On Monday, the committee spent nearly two hours discussing the ordinance whose purpose, committeeman Lawrence Jacobs said, is “protecting the master plan and encouraging solar use.”
Committee members focused on which zones ground-mounted solar panels would be allowed in, while maintaining that roof-mounted panels will be allowed in all zones.
At the next meeting, scheduled for April 15, the committee will tackle the details of buffering and design requirements.
Ground-mounted solar panels will not be allowed in residential areas with smaller lot sizes, the officials decided. The ground-mounted panels will be allowed in the township’s R-10 zone, which calls for a minimum lot size of 10 acres, mostly in the western part of the township.
The ground-mounted panels will also be allowed in the R-3 zone, where lot sizes are at least 3 acres, and in the office zones in the Route 206 corridor.

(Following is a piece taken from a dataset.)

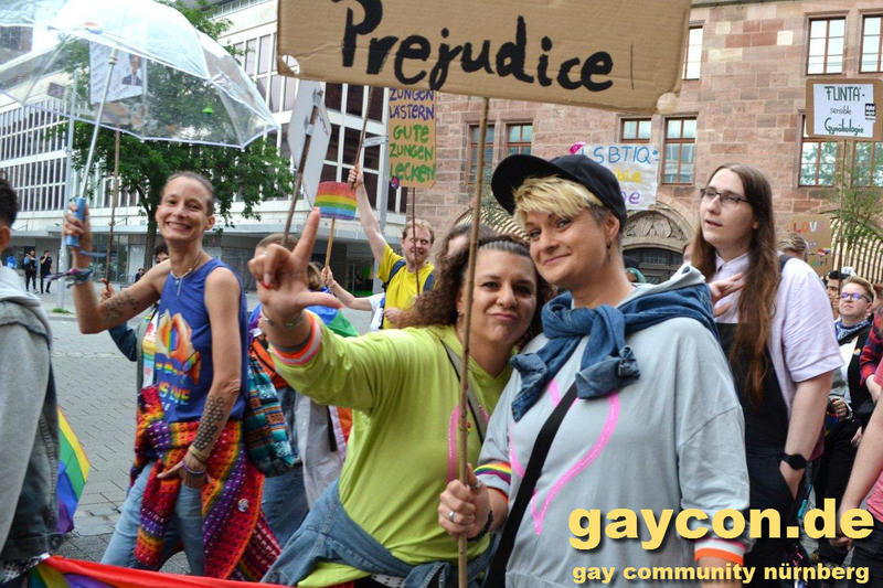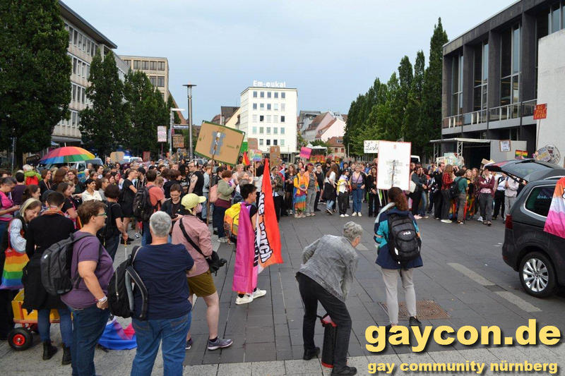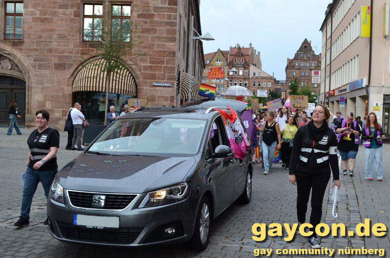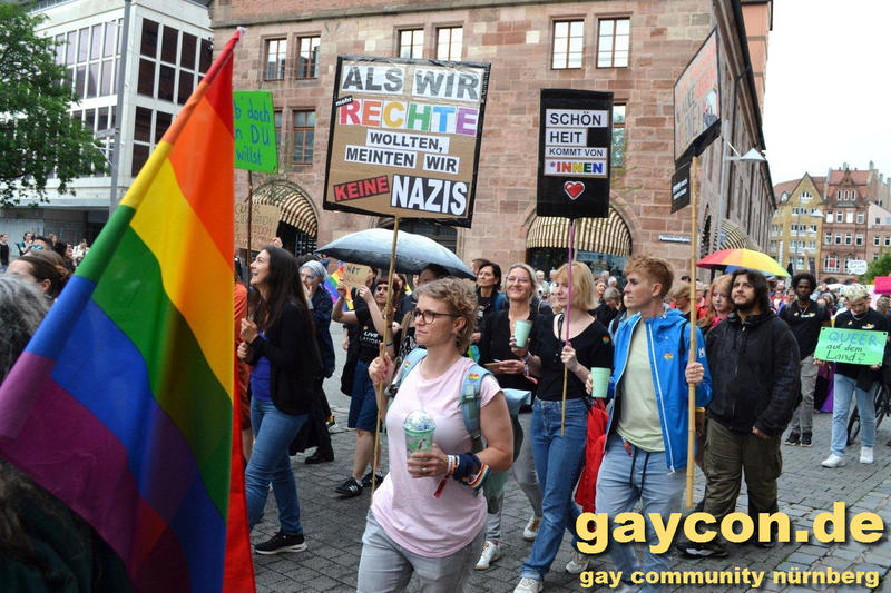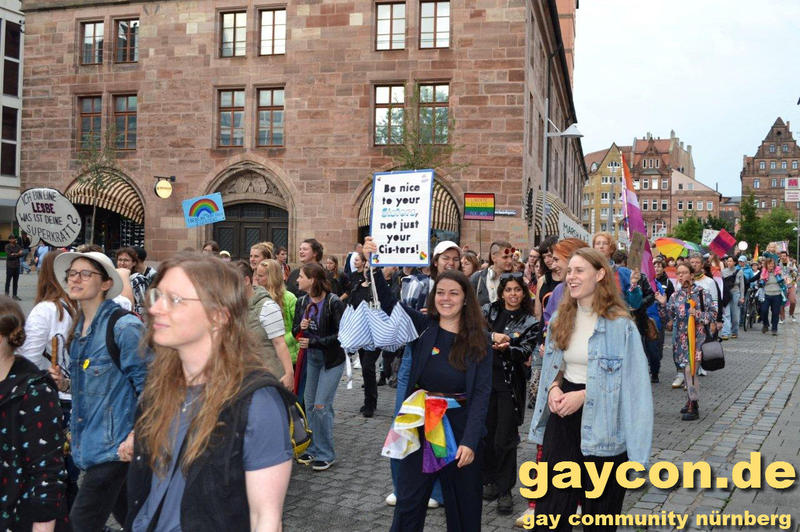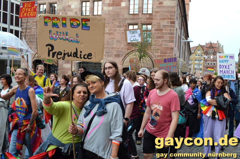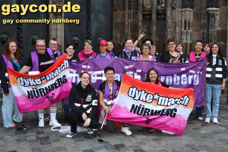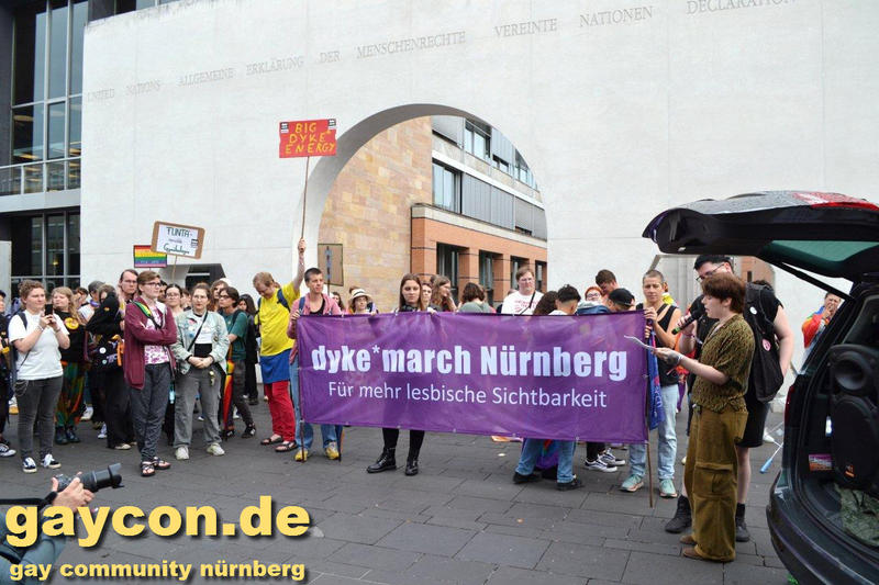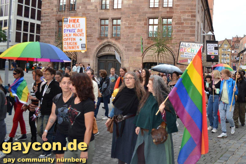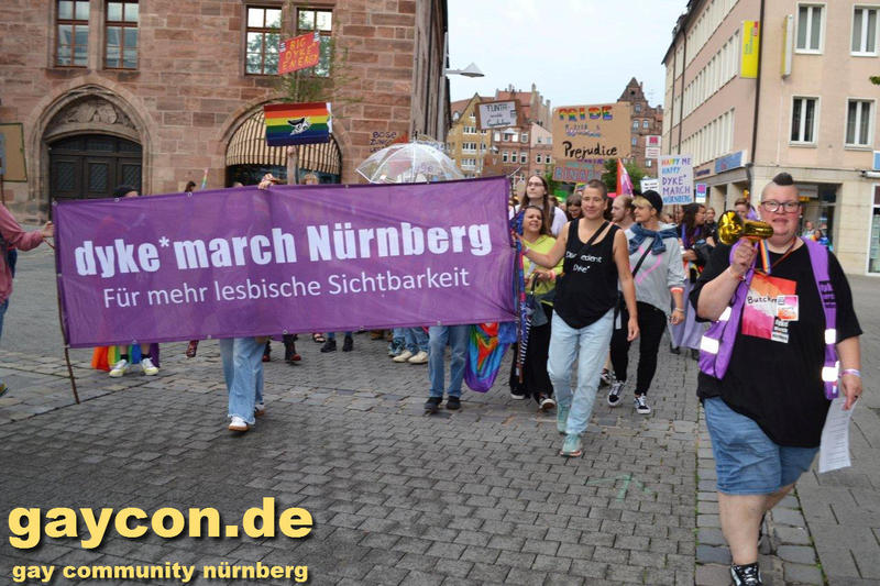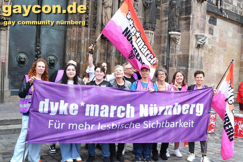 „Hallo Nürnberg! Wir sind’s, deine Lesben“ schallte der Schlachtruf zur Sichtbarkeit laut aus den Boxen durch die City, und alle jubelten! Rund 350 Lesben* und Unterstützende zogen am vierten Juli-Samstag beim siebten dyke*march Nürnberg für mehr lesbische Sichtbarkeit durch die Straßen der Frankenmetropole. Unter dem diesjährigen Motto „Lesben* vereint gegen Rechts!“ Diesmal an einem Samstag und nicht wie in den letzten Jahren am Freitag vor der CSD Nürnberg Demo. Diese Entscheidung ist ein Experiment des OrgaTeams gewesen, in der Hoffnung, mehr Dyke*s an einem Samstag auf die Straßen zu bringen als an einem Freitag. Außerdem hatten sie unglaubliches Wetterglück. Nur Stunden zuvor durchzog heftiger Starkregen Teile des Stadtgebiets, aber der City-Bereich blieb verschont. Nur vereinzelt tröpfelte es vom Himmel, als die bunte Menschenschar, angeführt von zwei „Dyke*s on Bikes“, nach der Auftakt-Kundgebung am Opernhaus zuerst zum Bahnhofsplatz zog. Danach in die Altstadt, durch die Fußgängerzone Königstraße. An der Mauthalle marschierten alle über den Hallplatz zum Kornmarkt. Dort legte der Dyke*March einen kurzen Stopp ein, für die Zwischenkundgebung vor dem Tor zur Straße der Menschenrechte. Wegen einer großen Baustelle am Ludwigsplatz musste die gewohnte Route gekürzt werden. Über die Dr.-Kurt-Schumacher-Straße ging es in die Färberstraße, weiter zur Fußgängerzone Karolinenstraße. Direkt vor dem Eingangsportal der Lorenzkirche fand die Abschlusskundgebung statt. Viele bunte kreative Schilder, Schirmen und Regenbogen- sowie Dyke-Flaggen sorgten für ordentliche Aufmerksamkeit bei den Passanten. Redebeiträge gab es unter anderem von Christine Burmann, Beauftragte für Diskriminierungsfragen und LSBTI der Stadt Nürnberg, sowie jeweils sehr persönlich emotionale von Leo und von Babs. Im Anschluss ging‘s dann zur „After dyke*march – FLINTA*-Bar & DJ Night im Club Stereo. Inzwischen ist die 7. Dyke*March Nürnberg Bildergalerie online. +++

The ground-mounted panels will be prohibited in all other zones, including the PUD zone, which covers most of the Hills community and the shopping center on Hills Drive. Committee members previously expressed concerns that ground-mounted panels in residential neighborhoods would detract from the nature of the area.
Township attorney John Belardo suggested that the township determine where the panels would be allowed, instead of relying upon other requirements, to eliminate ambiguity.
“I like bright lines,” he said.
However, the panels could still be restricted in the R-10 zone because a part of the ordinance prohibits ground-mounted panels on “farm soils,” township planner David Banisch said.
That restriction is in the section of the ordinance that outlines where the ground-mounted panels can be located and the buffering required to protect the “viewshed.” That part of the ordinance will be reviewed at the next meeting.
“We are not a decorating committee,” Parker said.
Banisch also explained that under the state’s land use law, ground-mounted panels cannot be used in the calculation of the impervious surface on a lot. That provision eliminated the possibility of using impervious coverage standards to regulate the panels, he said.